I am trying to run this benchmark on a small dask cluster made of two nodes. The remote worker is simply deployed with the dask-worker command and it appears correctly in the output of client in the benchmark. I've also tried to run some simple functions, like sleep and it works smoothly.

When I run the benchmark, it eventually gets stuck when dealing with the add function (it gets stuck at 2036/2047), it's like the 11 last tasks are never completed. When I look at the worker's logs, I get a lot of the following messages:

distributed.worker - INFO - Can't find dependencies for key add-efe22746-c80b-42f1-a02d-1217928ba4ec
distributed.worker - INFO - Dependent not found: add-37c59ee3-e3ed-4643-ae13-dd96291207bd 1 . Asking scheduler

I first got this problem with my own code but now that I have this issue with the benchmark too, I believe it has more to do with my setup. Setting up a scheduler and a worker is so simple I hardly see what went wrong here. Is there something I don't get about how to deploy workers, like is there anything special one must be very careful about when deploying workers?
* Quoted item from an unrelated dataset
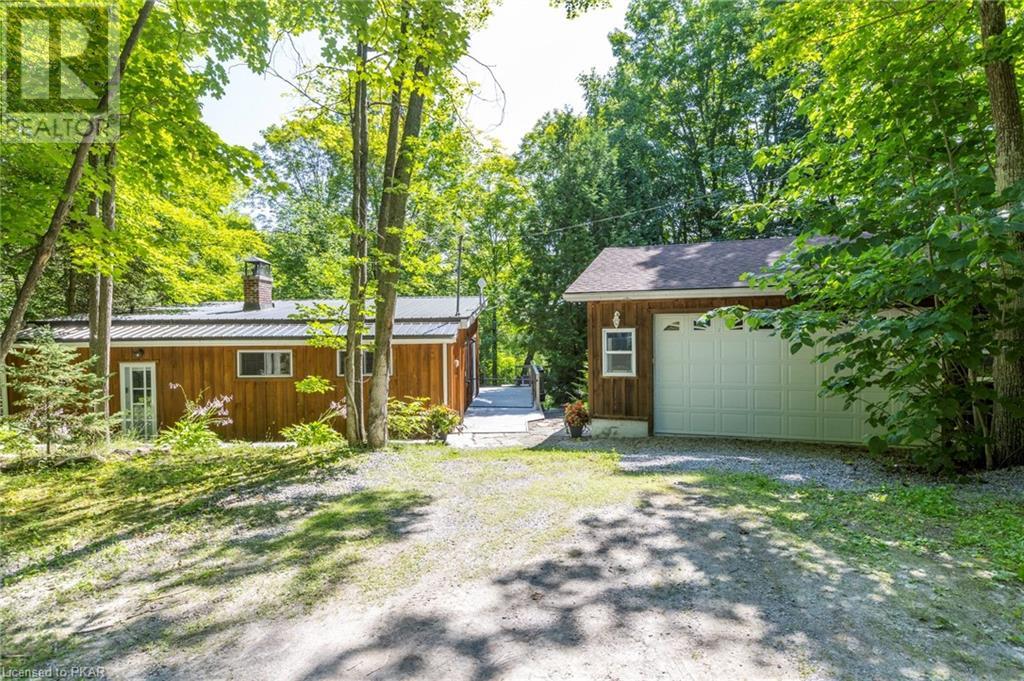 This fabulous 4 season waterfront home with 3 bedrooms/2 washrooms and a double car garage is a Gem. Situated on treed & cleared .84 acre near Buckhorn. An inviting & tastefully decorated open concept cottage/home with living space overlooking meandering decking, screened in gazebo, a quaint flagstone patio, spacious backyard & a gorgeous view of the lake. Watch morning sunrises from your deck! Main floor consists of 2 bedrooms, a 4 piece washroom, kitchen with an island, gas stove & lots of cupboard space. The living room and kitchen have large windows presenting privacy & a beautiful lake view. Located between the kitchen & living room is a woodstove to cozy up to after walks, snowshoeing or skating on the lake in winter. The lower functions as a bedroom or rec room. Outside the lower entrance door, there is a separate entrance to 2 rooms. The first room allows privacy for a gaming room, man cave, craft room & a door from this room leads to the mechanical room. The main driveway can host 3 vehicles & has a detached double size insulated garage. Second driveway at side of property. The property is large enough to host family gatherings & setting up lawn games. The armour stone waterfront has been enjoyed by the present owner with swimming & skiing from the dock & fishing. Close to Buckhorn, restaurants, golf, river tubing, Sandy Lake beach and more. Private road: presently $150 for plowing. (id:22211)

Edit: On the master node I have both my scheduler and a worker. If I kill the worker on this node, it seems to work fine, although none of the cores of this node are used. Is this how I'm supposed to configure the cluster? That is, launch no worker on the master node?

Aratz
  • 430
  • 5
  • 16

1 Answers1

0

I just ran that same notebook and unfortunately wasn't able to reproduce those warnings. My hope is that they've been cleaned up since you originally asked the question.

As always, if you're able to provide a minimal reproducible failure, a bug report on the github issue tracker is always welcome.

MRocklin
  • 55,641
  • 23
  • 163
  • 235